Endodontik lezyonlar ile irtibatlı periodontitis: Endodontik lezyon ile endüklenen periodontal lezyonlar bu kümede kıymetlendirilir.
Gelişimsel yahut kazanılmış deformiteler ve durumlar: Farklı etyolojiye sahip muko-gingival deformitelerin (bozuklukların) sebep olduğu periodontal lezyonlar bu baslık altında incelenerek tedavi tahlilleri incelenir.

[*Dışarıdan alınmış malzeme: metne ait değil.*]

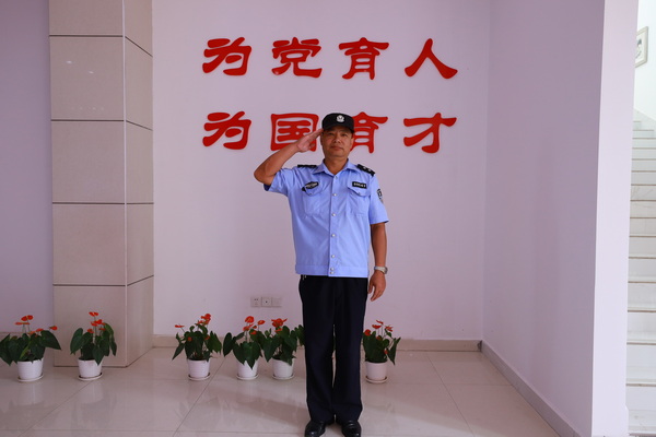 在江服,這一守就是二十年。堅守工作崗位20載,舒火應最驕傲的事就是在學生最需要的時候挺身而出,給予他們幫助。之所以能夠堅守,他坦誠說:“把職業(yè)當成事業(yè)來做,一旦做了,就要全力以赴做好?!焙髞恚⒆右彩艿礁赣H堅守保安工作的影響,毅然報名參軍,至今在部隊服役已九年有余。這何嘗不是一種傳承。舒火應在工作中盡職盡責,有警必出。從處理同學矛盾糾紛到幫同學找回行李財物到送生病同學去醫(yī)院再到半夜給同學送藥等等,無一例外,隨叫隨到。他說,同學們一有事兒就會到110值班室,放個物品傳達句話之類也有,很高興這里能成為同學們最信任最依賴之地。他說學校保安人員肩負著學校安全保衛(wèi)重任,一定要有高度的責任感,嚴格遵守保安職業(yè)道德,全天24小時“不打烊”的守護。如發(fā)現(xiàn)可疑、異常情況或惡劣天氣,要及時巡邏,重點部位要仔細巡查,發(fā)現(xiàn)問題要及時匯報或報警。巡邏時,為保持學校寧靜和正常的教育教學秩序,還應規(guī)勸教育有關(guān)不良行為的學生,杜絕喧嘩、吵鬧、打架和不安全的情況發(fā)生,杜絕浪費、損壞公物、破壞花草樹木的情況發(fā)生。事無巨細,一一執(zhí)行。有了這樣一份“護校安園”的責任擔當,學校安全得到了更有力的保障。

Refraktör gingivitis ve periodontitisler: Tedaviye karşın patojenlerin yaptığı tahribatın devam ettiği klinik tabloya sahip tüm periodontal hastalıkların başına tedaviye karşılık vermeyen manasında “refraktör” ön takısı eklenerek isimlendirilir. Bu tip hastalıklarda bilhassa immün sistem yetersizlikleri incelenmelidir.
Tüm periododontitis tiplerinde destekleyici olarak antibiotik, non-steroidal anti-inflamatuar (nsaı) ve antiseptik gargara terapileri yaptırılır. Periodontitis formlarında hastaların çok sabırlı olması ve yeterli bir sonuç için tabiple çok düzgün işbirliğine gitmeleri gerekir. Ayrıyeten bu tip komplikasyonları oluşturan etkenler ömür uzunluğu tekrar edebileceğinden periodontal hastalığa yakalananlar tedaviyi hiçbir vakit aksatmamalı, bunun bakterilere karşı hayat uzunluğu süren bir gayret olduğunu idrak etmeleri gereklidir.